Learning applications
Customer segmentation is a tool widely utilised in market research, but it is not easy to create profiles which are dynamic, and which grow and change to reflect the real individuals who they are based on, who are growing and changing every day. Chris describes the learning opportunity in using synthetic data to support the creation of interactive personas, which react to current events and issues.
On Balance
Does synthetic data provide faster, more cost-effective, scalable market insights? Yes. Does it hold the key to richer market insights? Not necessarily. While volume may enhance the richness of insights by facilitating better generalisations, for truly rich and detailed, qualitative responses, the importance of exploring real human experiences remains. Steve Phillips, Founder and CEO of Zappi, asserts in the 2024 MRS Report 'Using synthetic participants for market research' that “synthetic data will never be a replacement for real consumer data, [as] AI is only as smart and up-to-date as the data it’s trained on”. Real-world data will always be needed to inform AI-powered technology. As the name implies, it is artificial. It cannot render outputs which reflect truly human thoughts, feelings and experiences, without us.
![]() |
Tweet This |
---|---|
Does synthetic data provide faster, more cost-effective, scalable insights? Does it hold the key to richer market research insights? |
How can we make synthetic data work for us?

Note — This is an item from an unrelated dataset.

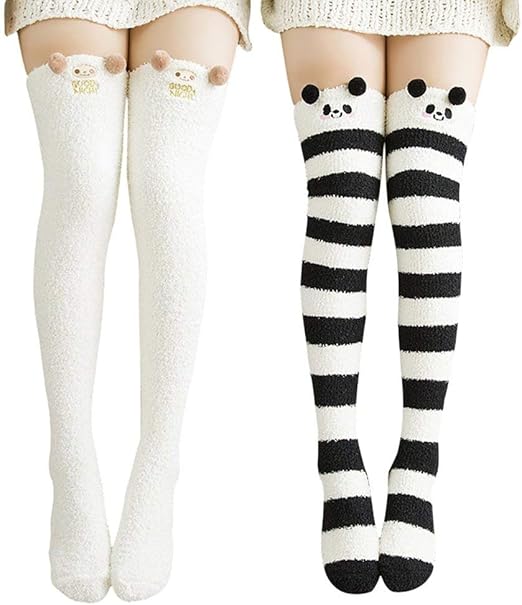 Womens Over Knee High Fuzzy Socks Cute Cartoon Thigh High Stockings Warm Stripe Leg Warmers

The advantage of removing real consumer data in certain scenarios is certainly clear. Most consumers, including myself, feel reassured by any development which serves to protect our personal data.

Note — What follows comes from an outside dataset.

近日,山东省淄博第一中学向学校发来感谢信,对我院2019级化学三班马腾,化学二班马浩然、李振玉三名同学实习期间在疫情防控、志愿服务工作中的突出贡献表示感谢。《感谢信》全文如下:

One potential utilisation which supports this, could be creating hypothetical scenarios that may be rare or difficult to observe in real life. This can provide insights into potential outcomes without ethical or logistical concerns. For example, research into how consumers might feel when their holiday is cancelled. Travel companies (hopefully) aren’t about to cancel our upcoming holidays to test our reactions to this.
But using synthetic data – perhaps that of interactive profiles discussed above – they may be better equipped to predict and mitigate against any chain reactions which follow the cancellation of a holiday, i.e., what will make that consumer feel better in that situation, and make them want to continue using the travel provider? A further exercise could follow, asking real consumers how they feel about the results reflected in the synthetic data study – is it a true representation of how they might feel? In this way, synthetic data can be used to incite real change, while keeping the consumer at the heart of research, and ensuring their interests remain protected.
Ultimately, synthetic data should be seen for what it is: a tool like many others that enhances the scale of our understanding and world view, but in the end is not a replacement for customer closeness; for truly human connections and real-world experiences which continue to drive our desire to understand consumers and what is important to them.